At a Senate hearing Tuesday, the Obama administration will offer proposals that its says will improve the workers’ compensation program for federal employees.

At least one federal labor union begs to differ with that interpretation.

First, some definitions. OWCP is the Labor Department’s Office of Workers’ Compensation Programs, which administers FECA, the Federal Employees' Compensation Act.

“This critical program has not been significantly updated in almost 40 years, and I think it deserves a closer look,” said Sen. Daniel K. Akaka (D-Hawaii), chairman of the Senate subcommitee on the federal workforce. 

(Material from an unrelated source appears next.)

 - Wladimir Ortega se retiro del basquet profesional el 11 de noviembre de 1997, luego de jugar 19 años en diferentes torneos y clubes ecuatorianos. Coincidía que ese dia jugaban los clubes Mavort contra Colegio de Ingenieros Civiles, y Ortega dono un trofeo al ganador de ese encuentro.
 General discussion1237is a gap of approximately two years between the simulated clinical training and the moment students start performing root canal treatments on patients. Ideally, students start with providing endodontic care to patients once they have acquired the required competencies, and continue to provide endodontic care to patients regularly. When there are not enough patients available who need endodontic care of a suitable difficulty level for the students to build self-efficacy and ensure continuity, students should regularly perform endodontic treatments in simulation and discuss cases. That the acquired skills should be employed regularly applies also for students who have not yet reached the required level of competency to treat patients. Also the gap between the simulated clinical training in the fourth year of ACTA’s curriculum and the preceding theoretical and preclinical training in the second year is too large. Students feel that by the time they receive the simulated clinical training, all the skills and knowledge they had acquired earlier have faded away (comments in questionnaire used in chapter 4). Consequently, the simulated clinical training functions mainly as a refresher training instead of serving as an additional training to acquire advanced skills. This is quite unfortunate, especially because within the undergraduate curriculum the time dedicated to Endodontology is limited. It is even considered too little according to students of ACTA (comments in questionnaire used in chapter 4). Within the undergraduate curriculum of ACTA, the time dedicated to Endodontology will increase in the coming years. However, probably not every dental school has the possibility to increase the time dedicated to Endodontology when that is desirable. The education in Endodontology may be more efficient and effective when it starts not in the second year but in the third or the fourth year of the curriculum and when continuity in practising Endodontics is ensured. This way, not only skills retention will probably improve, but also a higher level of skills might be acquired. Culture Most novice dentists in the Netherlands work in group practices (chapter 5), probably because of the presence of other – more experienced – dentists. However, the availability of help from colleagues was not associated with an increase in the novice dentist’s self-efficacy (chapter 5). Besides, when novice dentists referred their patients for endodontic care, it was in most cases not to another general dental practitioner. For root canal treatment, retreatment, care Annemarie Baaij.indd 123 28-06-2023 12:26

In a statement prepared for the subcommittee’s hearing Tuesday, Gary Steinberg, acting director of the Labor Department office, says: “The proposal that we have crafted for consideration would provide OWCP with enhanced opportunities to facilitate rehabilitation and return-to-work while simultaneously addressing several disincentives that may impact timely return to work by applying a new set of benefit rates prospectively to new injuries and new claims for disability occurring after enactment of the FECA amendments.”

One proposal would establish a 70 percent benefit level for all recipients. Currently, employees with dependents get 75 percent of their pay; those without dependents get 66.7 percent. The 75 percent level often exceeds the employee’s take-home pay before he or she was injured, which Steinberg says is a big disincentive to returning to work.

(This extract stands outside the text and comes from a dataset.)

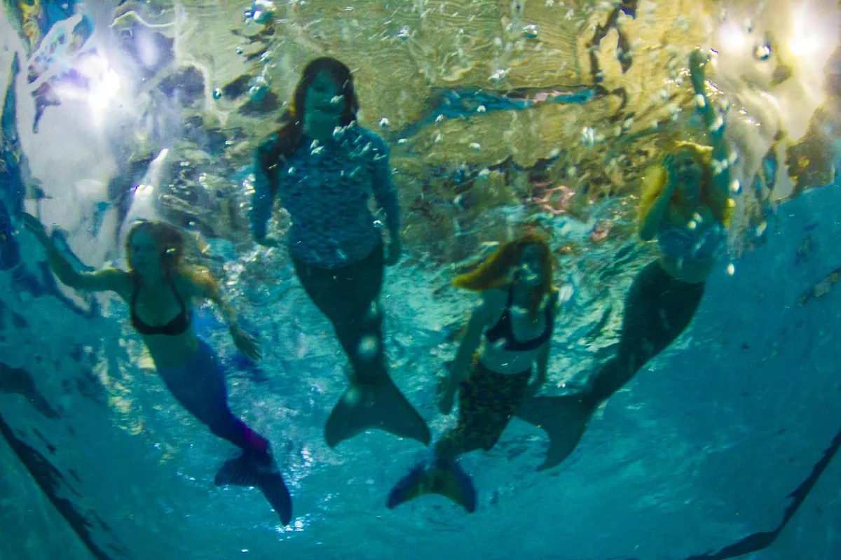 Dobbs (second from left) swims with mermaids at the Adventure Scuba and Snorkeling Center in Plano.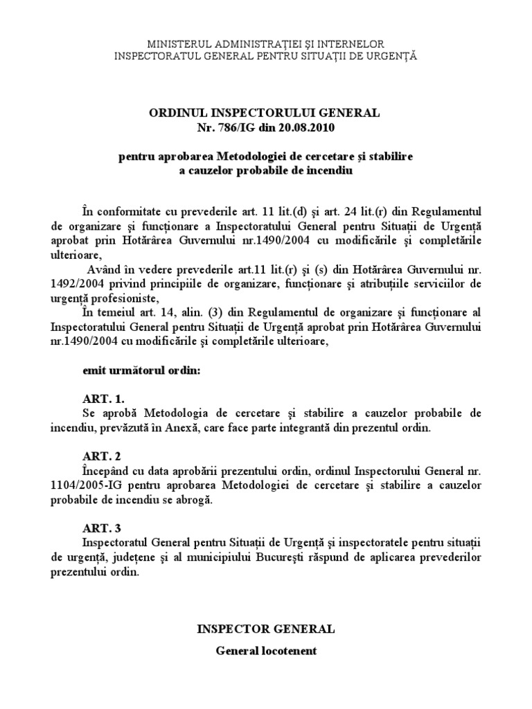 Oig 786 Ig Cercetare Cauze Incendiu Aprobat

In a prepared statement submitted to the panel, Ron Watson, representing the National Association of Letter Carriers, says the administration’s position is “based on an over-simplified view of the matter” and is at odds with the union’s experience.

Watson said “the problem is that hundreds, even thousands, of injured workers who are able, willing and eager to return to work are not being allowed to do so.”

Postal Service policy, he said, prevents many injured workers from doing limited-duty jobs even though they are able to perform those tasks and want to do them.

The hearing was scheduled to begin at 2 p.m. Live video is planned for the subcommittee’s Web site.